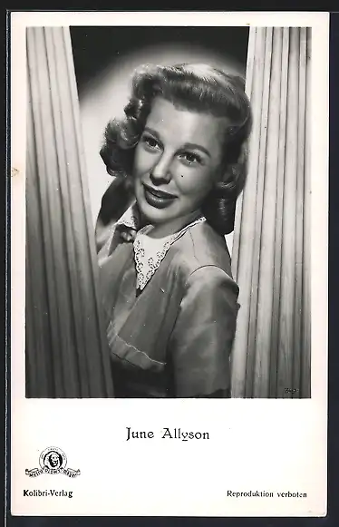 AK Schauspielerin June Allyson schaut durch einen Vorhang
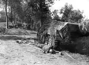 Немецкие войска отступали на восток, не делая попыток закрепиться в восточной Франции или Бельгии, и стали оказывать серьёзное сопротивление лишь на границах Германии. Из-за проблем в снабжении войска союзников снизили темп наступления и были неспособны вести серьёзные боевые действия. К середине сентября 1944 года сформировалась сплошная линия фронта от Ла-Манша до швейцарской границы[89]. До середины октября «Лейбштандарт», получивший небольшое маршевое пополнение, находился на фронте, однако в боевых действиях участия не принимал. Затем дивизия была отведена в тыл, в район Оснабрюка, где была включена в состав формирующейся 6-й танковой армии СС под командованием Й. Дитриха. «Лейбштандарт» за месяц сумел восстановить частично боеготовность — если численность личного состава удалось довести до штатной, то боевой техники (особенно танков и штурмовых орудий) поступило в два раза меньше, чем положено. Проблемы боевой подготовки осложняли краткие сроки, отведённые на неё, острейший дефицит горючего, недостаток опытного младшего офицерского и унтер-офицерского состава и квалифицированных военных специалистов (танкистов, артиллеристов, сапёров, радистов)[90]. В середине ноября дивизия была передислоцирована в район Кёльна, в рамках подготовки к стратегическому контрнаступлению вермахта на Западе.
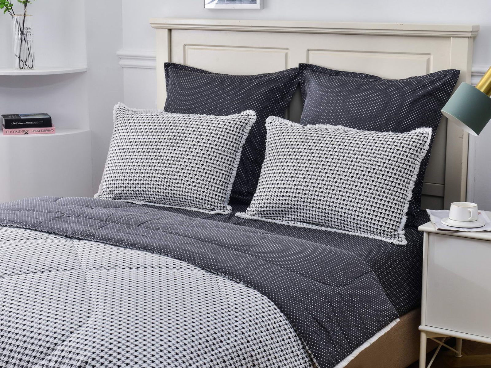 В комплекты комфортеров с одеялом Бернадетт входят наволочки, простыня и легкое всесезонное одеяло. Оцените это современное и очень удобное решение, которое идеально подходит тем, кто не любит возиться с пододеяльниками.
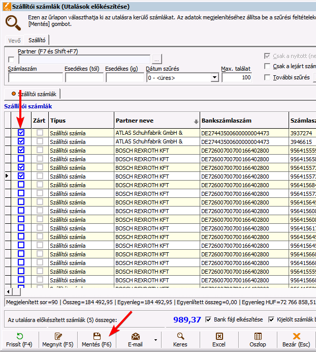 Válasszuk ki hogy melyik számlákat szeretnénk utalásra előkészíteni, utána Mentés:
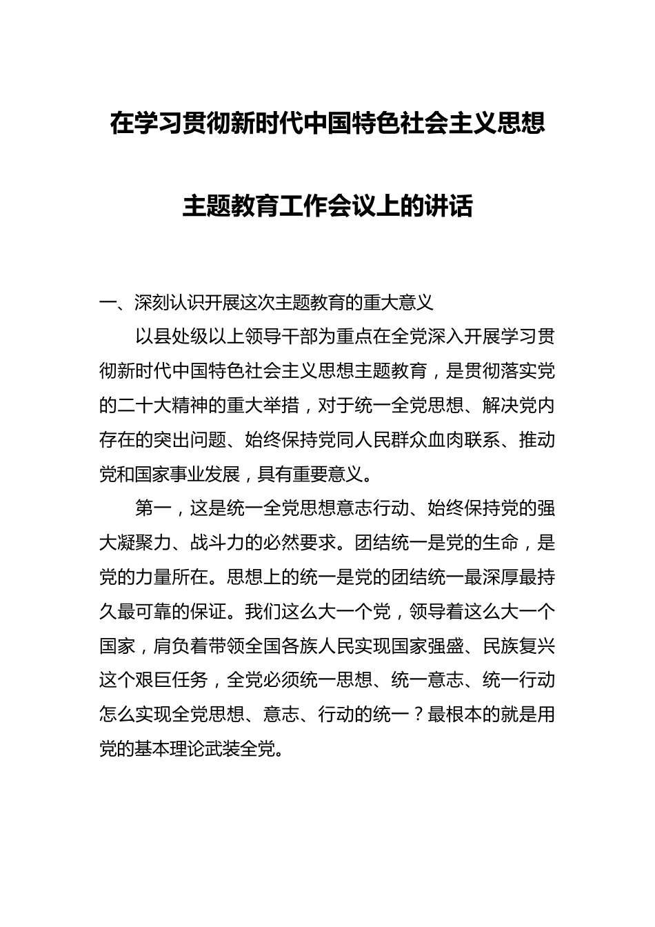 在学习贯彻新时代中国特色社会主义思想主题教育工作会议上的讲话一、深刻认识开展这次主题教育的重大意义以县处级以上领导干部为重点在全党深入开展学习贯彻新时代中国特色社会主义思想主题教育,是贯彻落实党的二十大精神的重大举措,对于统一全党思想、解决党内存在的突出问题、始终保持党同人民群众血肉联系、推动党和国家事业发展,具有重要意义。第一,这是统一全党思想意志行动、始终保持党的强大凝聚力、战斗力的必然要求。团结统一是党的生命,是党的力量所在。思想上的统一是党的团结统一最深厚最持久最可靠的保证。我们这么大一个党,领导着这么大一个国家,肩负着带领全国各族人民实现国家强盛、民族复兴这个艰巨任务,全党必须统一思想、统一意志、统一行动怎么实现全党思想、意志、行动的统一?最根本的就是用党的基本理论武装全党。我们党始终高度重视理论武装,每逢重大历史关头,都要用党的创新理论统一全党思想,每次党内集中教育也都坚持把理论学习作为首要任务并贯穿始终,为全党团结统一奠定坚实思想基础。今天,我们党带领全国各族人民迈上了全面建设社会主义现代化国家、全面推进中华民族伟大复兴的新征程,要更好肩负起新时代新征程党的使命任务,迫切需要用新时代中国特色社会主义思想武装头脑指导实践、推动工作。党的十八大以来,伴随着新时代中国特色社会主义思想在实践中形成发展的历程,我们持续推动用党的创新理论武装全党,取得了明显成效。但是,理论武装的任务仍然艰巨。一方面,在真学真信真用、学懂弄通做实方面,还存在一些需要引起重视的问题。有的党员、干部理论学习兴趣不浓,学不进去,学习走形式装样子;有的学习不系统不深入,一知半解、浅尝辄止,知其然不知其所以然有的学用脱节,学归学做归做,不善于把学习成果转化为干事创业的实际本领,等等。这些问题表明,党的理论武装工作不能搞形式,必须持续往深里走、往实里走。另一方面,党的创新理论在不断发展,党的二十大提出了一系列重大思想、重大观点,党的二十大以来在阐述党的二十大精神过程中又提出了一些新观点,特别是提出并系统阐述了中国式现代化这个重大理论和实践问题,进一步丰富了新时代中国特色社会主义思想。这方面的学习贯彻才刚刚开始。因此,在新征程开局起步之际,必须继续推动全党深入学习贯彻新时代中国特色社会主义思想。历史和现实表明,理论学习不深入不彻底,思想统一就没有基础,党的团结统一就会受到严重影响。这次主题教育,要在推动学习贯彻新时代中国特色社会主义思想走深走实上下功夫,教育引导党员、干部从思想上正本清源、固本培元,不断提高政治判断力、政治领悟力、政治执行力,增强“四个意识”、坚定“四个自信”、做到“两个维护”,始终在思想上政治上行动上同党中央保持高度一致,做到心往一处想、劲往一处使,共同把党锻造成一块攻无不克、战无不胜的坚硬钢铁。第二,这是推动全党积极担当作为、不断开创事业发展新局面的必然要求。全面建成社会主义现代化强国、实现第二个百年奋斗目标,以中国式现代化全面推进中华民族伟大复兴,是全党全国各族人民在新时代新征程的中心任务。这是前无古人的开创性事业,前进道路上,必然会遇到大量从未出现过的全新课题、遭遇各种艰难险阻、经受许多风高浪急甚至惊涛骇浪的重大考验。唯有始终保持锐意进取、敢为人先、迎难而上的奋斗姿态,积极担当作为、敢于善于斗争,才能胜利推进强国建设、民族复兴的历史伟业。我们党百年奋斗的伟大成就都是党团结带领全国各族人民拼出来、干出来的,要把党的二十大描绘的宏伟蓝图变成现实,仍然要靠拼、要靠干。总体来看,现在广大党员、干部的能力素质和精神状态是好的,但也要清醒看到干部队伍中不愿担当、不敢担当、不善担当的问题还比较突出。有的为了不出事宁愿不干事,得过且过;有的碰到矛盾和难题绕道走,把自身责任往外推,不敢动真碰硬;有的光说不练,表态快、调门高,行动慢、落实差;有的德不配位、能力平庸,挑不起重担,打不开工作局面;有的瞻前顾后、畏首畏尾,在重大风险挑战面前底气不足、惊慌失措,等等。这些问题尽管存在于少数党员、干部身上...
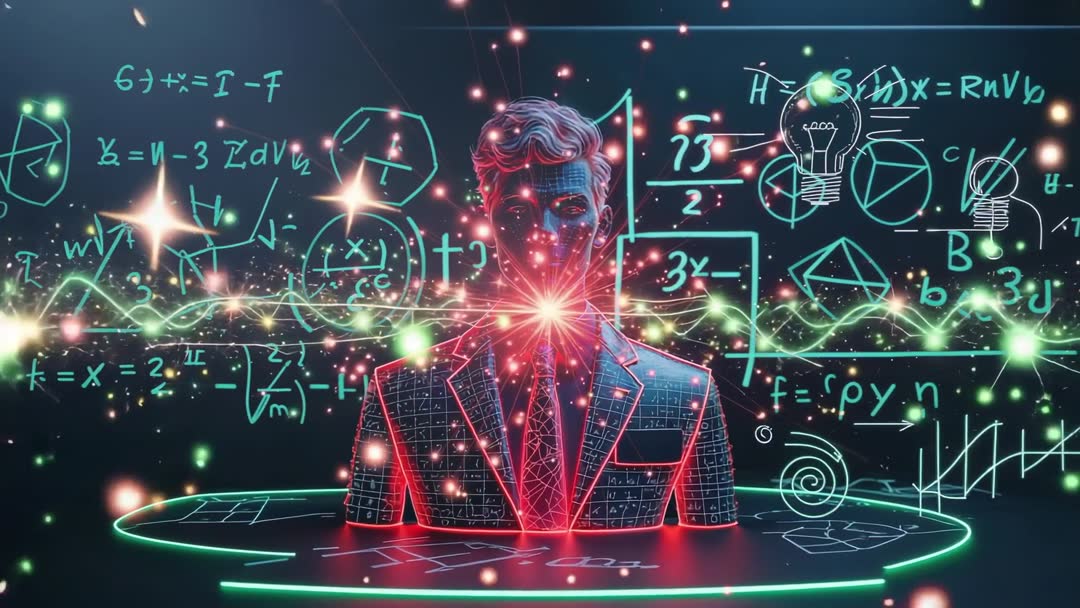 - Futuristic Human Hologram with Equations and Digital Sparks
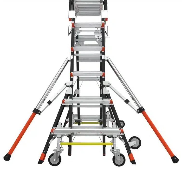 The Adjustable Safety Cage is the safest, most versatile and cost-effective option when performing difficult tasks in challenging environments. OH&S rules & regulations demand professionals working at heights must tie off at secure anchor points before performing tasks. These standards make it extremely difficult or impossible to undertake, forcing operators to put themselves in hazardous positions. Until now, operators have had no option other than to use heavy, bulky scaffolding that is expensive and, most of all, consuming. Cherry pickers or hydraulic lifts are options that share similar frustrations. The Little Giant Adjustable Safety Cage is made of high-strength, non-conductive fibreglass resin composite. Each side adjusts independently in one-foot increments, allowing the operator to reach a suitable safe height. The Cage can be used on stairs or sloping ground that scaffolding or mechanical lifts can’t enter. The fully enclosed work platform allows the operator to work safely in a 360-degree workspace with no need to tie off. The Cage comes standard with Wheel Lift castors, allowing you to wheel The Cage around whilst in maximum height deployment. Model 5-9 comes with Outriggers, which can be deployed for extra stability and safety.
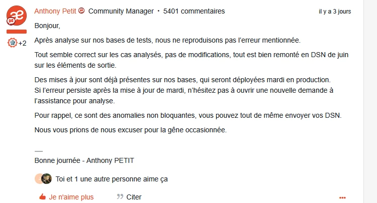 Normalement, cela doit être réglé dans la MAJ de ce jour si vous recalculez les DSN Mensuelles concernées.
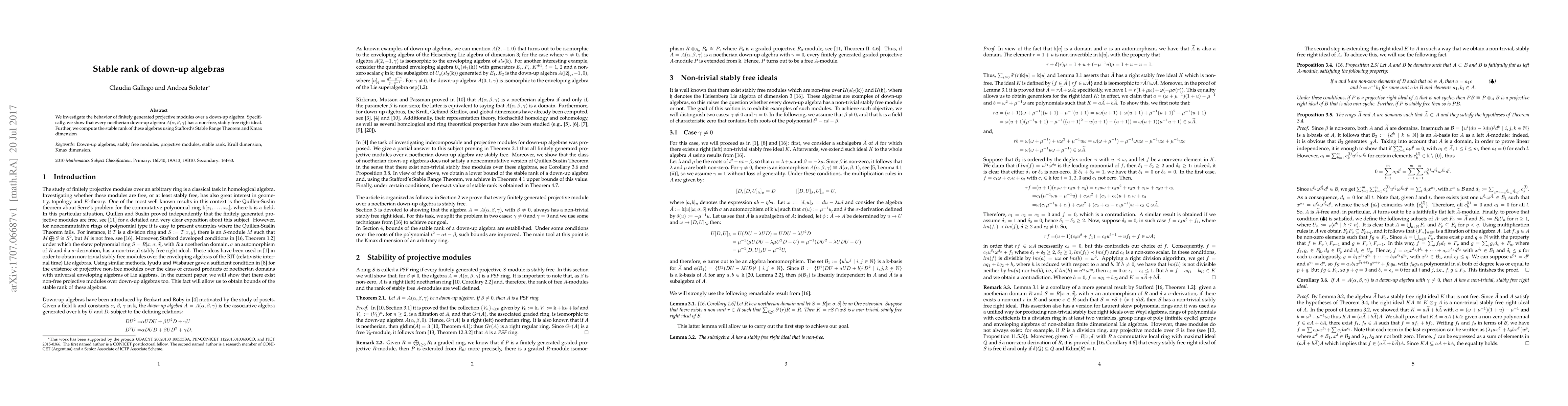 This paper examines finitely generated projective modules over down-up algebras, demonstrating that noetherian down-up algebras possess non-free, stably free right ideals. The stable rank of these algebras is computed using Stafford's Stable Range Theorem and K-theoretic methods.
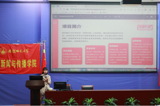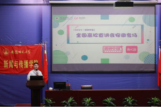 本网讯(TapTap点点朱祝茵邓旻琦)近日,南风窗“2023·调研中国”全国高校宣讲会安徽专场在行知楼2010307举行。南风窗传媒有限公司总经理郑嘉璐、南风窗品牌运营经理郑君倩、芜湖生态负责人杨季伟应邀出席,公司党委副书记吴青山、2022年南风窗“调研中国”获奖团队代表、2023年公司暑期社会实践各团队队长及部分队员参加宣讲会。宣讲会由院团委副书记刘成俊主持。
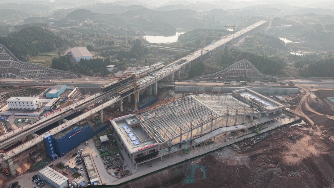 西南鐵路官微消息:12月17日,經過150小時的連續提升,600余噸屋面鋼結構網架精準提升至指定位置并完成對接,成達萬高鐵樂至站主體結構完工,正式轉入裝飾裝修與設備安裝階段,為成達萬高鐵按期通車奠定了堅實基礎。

Exercise details -
Return the listing above unchanged, apart from dropping its pictures.

Answer for the task -
 AK Schauspielerin June Allyson schaut durch einen Vorhang
 Немецкие войска отступали на восток, не делая попыток закрепиться в восточной Франции или Бельгии, и стали оказывать серьёзное сопротивление лишь на границах Германии. Из-за проблем в снабжении войска союзников снизили темп наступления и были неспособны вести серьёзные боевые действия. К середине сентября 1944 года сформировалась сплошная линия фронта от Ла-Манша до швейцарской границы[89]. До середины октября «Лейбштандарт», получивший небольшое маршевое пополнение, находился на фронте, однако в боевых действиях участия не принимал. Затем дивизия была отведена в тыл, в район Оснабрюка, где была включена в состав формирующейся 6-й танковой армии СС под командованием Й. Дитриха. «Лейбштандарт» за месяц сумел восстановить частично боеготовность — если численность личного состава удалось довести до штатной, то боевой техники (особенно танков и штурмовых орудий) поступило в два раза меньше, чем положено. Проблемы боевой подготовки осложняли краткие сроки, отведённые на неё, острейший дефицит горючего, недостаток опытного младшего офицерского и унтер-офицерского состава и квалифицированных военных специалистов (танкистов, артиллеристов, сапёров, радистов)[90]. В середине ноября дивизия была передислоцирована в район Кёльна, в рамках подготовки к стратегическому контрнаступлению вермахта на Западе.
 В комплекты комфортеров с одеялом Бернадетт входят наволочки, простыня и легкое всесезонное одеяло. Оцените это современное и очень удобное решение, которое идеально подходит тем, кто не любит возиться с пододеяльниками.
 Válasszuk ki hogy melyik számlákat szeretnénk utalásra előkészíteni, utána Mentés:
 在学习贯彻新时代中国特色社会主义思想主题教育工作会议上的讲话一、深刻认识开展这次主题教育的重大意义以县处级以上领导干部为重点在全党深入开展学习贯彻新时代中国特色社会主义思想主题教育,是贯彻落实党的二十大精神的重大举措,对于统一全党思想、解决党内存在的突出问题、始终保持党同人民群众血肉联系、推动党和国家事业发展,具有重要意义。第一,这是统一全党思想意志行动、始终保持党的强大凝聚力、战斗力的必然要求。团结统一是党的生命,是党的力量所在。思想上的统一是党的团结统一最深厚最持久最可靠的保证。我们这么大一个党,领导着这么大一个国家,肩负着带领全国各族人民实现国家强盛、民族复兴这个艰巨任务,全党必须统一思想、统一意志、统一行动怎么实现全党思想、意志、行动的统一?最根本的就是用党的基本理论武装全党。我们党始终高度重视理论武装,每逢重大历史关头,都要用党的创新理论统一全党思想,每次党内集中教育也都坚持把理论学习作为首要任务并贯穿始终,为全党团结统一奠定坚实思想基础。今天,我们党带领全国各族人民迈上了全面建设社会主义现代化国家、全面推进中华民族伟大复兴的新征程,要更好肩负起新时代新征程党的使命任务,迫切需要用新时代中国特色社会主义思想武装头脑指导实践、推动工作。党的十八大以来,伴随着新时代中国特色社会主义思想在实践中形成发展的历程,我们持续推动用党的创新理论武装全党,取得了明显成效。但是,理论武装的任务仍然艰巨。一方面,在真学真信真用、学懂弄通做实方面,还存在一些需要引起重视的问题。有的党员、干部理论学习兴趣不浓,学不进去,学习走形式装样子;有的学习不系统不深入,一知半解、浅尝辄止,知其然不知其所以然有的学用脱节,学归学做归做,不善于把学习成果转化为干事创业的实际本领,等等。这些问题表明,党的理论武装工作不能搞形式,必须持续往深里走、往实里走。另一方面,党的创新理论在不断发展,党的二十大提出了一系列重大思想、重大观点,党的二十大以来在阐述党的二十大精神过程中又提出了一些新观点,特别是提出并系统阐述了中国式现代化这个重大理论和实践问题,进一步丰富了新时代中国特色社会主义思想。这方面的学习贯彻才刚刚开始。因此,在新征程开局起步之际,必须继续推动全党深入学习贯彻新时代中国特色社会主义思想。历史和现实表明,理论学习不深入不彻底,思想统一就没有基础,党的团结统一就会受到严重影响。这次主题教育,要在推动学习贯彻新时代中国特色社会主义思想走深走实上下功夫,教育引导党员、干部从思想上正本清源、固本培元,不断提高政治判断力、政治领悟力、政治执行力,增强“四个意识”、坚定“四个自信”、做到“两个维护”,始终在思想上政治上行动上同党中央保持高度一致,做到心往一处想、劲往一处使,共同把党锻造成一块攻无不克、战无不胜的坚硬钢铁。第二,这是推动全党积极担当作为、不断开创事业发展新局面的必然要求。全面建成社会主义现代化强国、实现第二个百年奋斗目标,以中国式现代化全面推进中华民族伟大复兴,是全党全国各族人民在新时代新征程的中心任务。这是前无古人的开创性事业,前进道路上,必然会遇到大量从未出现过的全新课题、遭遇各种艰难险阻、经受许多风高浪急甚至惊涛骇浪的重大考验。唯有始终保持锐意进取、敢为人先、迎难而上的奋斗姿态,积极担当作为、敢于善于斗争,才能胜利推进强国建设、民族复兴的历史伟业。我们党百年奋斗的伟大成就都是党团结带领全国各族人民拼出来、干出来的,要把党的二十大描绘的宏伟蓝图变成现实,仍然要靠拼、要靠干。总体来看,现在广大党员、干部的能力素质和精神状态是好的,但也要清醒看到干部队伍中不愿担当、不敢担当、不善担当的问题还比较突出。有的为了不出事宁愿不干事,得过且过;有的碰到矛盾和难题绕道走,把自身责任往外推,不敢动真碰硬;有的光说不练,表态快、调门高,行动慢、落实差;有的德不配位、能力平庸,挑不起重担,打不开工作局面;有的瞻前顾后、畏首畏尾,在重大风险挑战面前底气不足、惊慌失措,等等。这些问题尽管存在于少数党员、干部身上...
 - Futuristic Human Hologram with Equations and Digital Sparks
 The Adjustable Safety Cage is the safest, most versatile and cost-effective option when performing difficult tasks in challenging environments. OH&S rules & regulations demand professionals working at heights must tie off at secure anchor points before performing tasks. These standards make it extremely difficult or impossible to undertake, forcing operators to put themselves in hazardous positions. Until now, operators have had no option other than to use heavy, bulky scaffolding that is expensive and, most of all, consuming. Cherry pickers or hydraulic lifts are options that share similar frustrations. The Little Giant Adjustable Safety Cage is made of high-strength, non-conductive fibreglass resin composite. Each side adjusts independently in one-foot increments, allowing the operator to reach a suitable safe height. The Cage can be used on stairs or sloping ground that scaffolding or mechanical lifts can’t enter. The fully enclosed work platform allows the operator to work safely in a 360-degree workspace with no need to tie off. The Cage comes standard with Wheel Lift castors, allowing you to wheel The Cage around whilst in maximum height deployment. Model 5-9 comes with Outriggers, which can be deployed for extra stability and safety.
 Normalement, cela doit être réglé dans la MAJ de ce jour si vous recalculez les DSN Mensuelles concernées.
 This paper examines finitely generated projective modules over down-up algebras, demonstrating that noetherian down-up algebras possess non-free, stably free right ideals. The stable rank of these algebras is computed using Stafford's Stable Range Theorem and K-theoretic methods.
 本网讯(TapTap点点朱祝茵邓旻琦)近日,南风窗“2023·调研中国”全国高校宣讲会安徽专场在行知楼2010307举行。南风窗传媒有限公司总经理郑嘉璐、南风窗品牌运营经理郑君倩、芜湖生态负责人杨季伟应邀出席,公司党委副书记吴青山、2022年南风窗“调研中国”获奖团队代表、2023年公司暑期社会实践各团队队长及部分队员参加宣讲会。宣讲会由院团委副书记刘成俊主持。
 西南鐵路官微消息:12月17日,經過150小時的連續提升,600余噸屋面鋼結構網架精準提升至指定位置并完成對接,成達萬高鐵樂至站主體結構完工,正式轉入裝飾裝修與設備安裝階段,為成達萬高鐵按期通車奠定了堅實基礎。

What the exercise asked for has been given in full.